И в этот момент голос-монолог, взяв верхнюю «фа», вдруг оборвался - и его сменил совершенно дикий всплеск воды, словно в ванну вроде той, в которой лежала Таня, с размаху бросили кита. А потом раздался дикий, режущий слух сигнал тревоги - и тут же топот ног, изо всех сил убегающих по коридору.
Это было уже серьезно. Сигнал бедствия не прекращался. Таня рывком поднялась в ванне. Выбралась из нее. Схватила лежащую на табуретке сложенную белейшую простыню - обычно ее подавала по окончании процедуры служительница.

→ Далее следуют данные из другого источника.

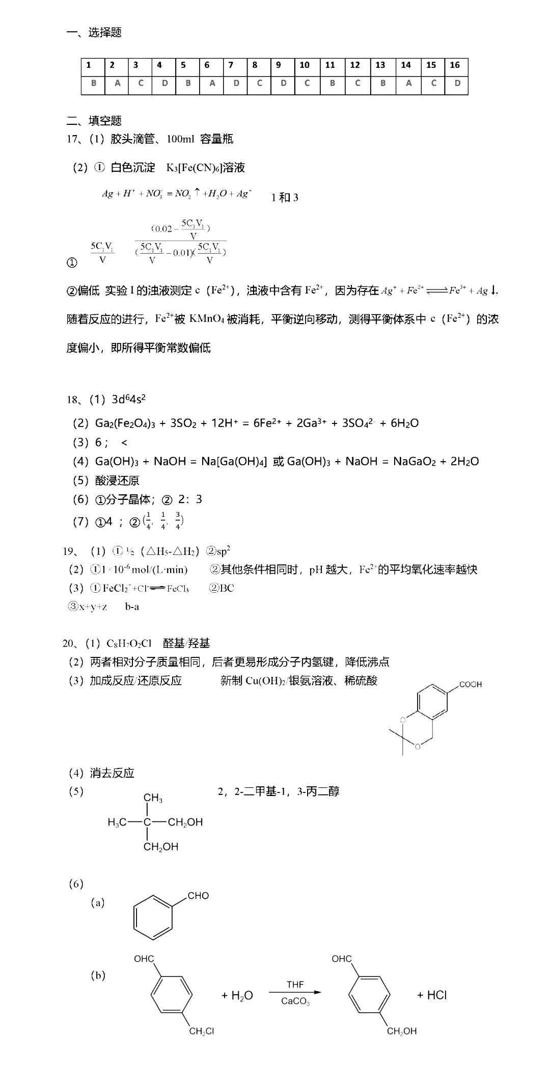 2024届广东省广州市高三上学期12月调研考试(零模)化学答案

Но сейчас Садовникова, не вытираясь, кое-как прикрыла наготу и выскочила в коридорчик. Звук тревоги доносился из соседней комнатки, и туда уже вбегала совершенно белая, под цвет своего халата, служительница, десять минут назад встречавшая Садовникову. Татьяна бросилась вслед за ней - и вот тут и увидела картину, которая, в полном соответствии с философией экзистенциализма, вызвала в ее памяти и воображении огромное количество связанных с ней эпизодов.
Итак, в минеральной воде, колышущейся в ванне, лежал, совершенно голый, странно выгнувшись и сжимая в одном кулаке шнур с тревожной кнопкой, Николай - ее несостоявшийся ухажер. Лысеющий, бандитствующий, накачанный, с татуировками по всему телу, он был очевидно и неотвратимо мертв.
У Татьяны с детства имелся своего рода рефлекс.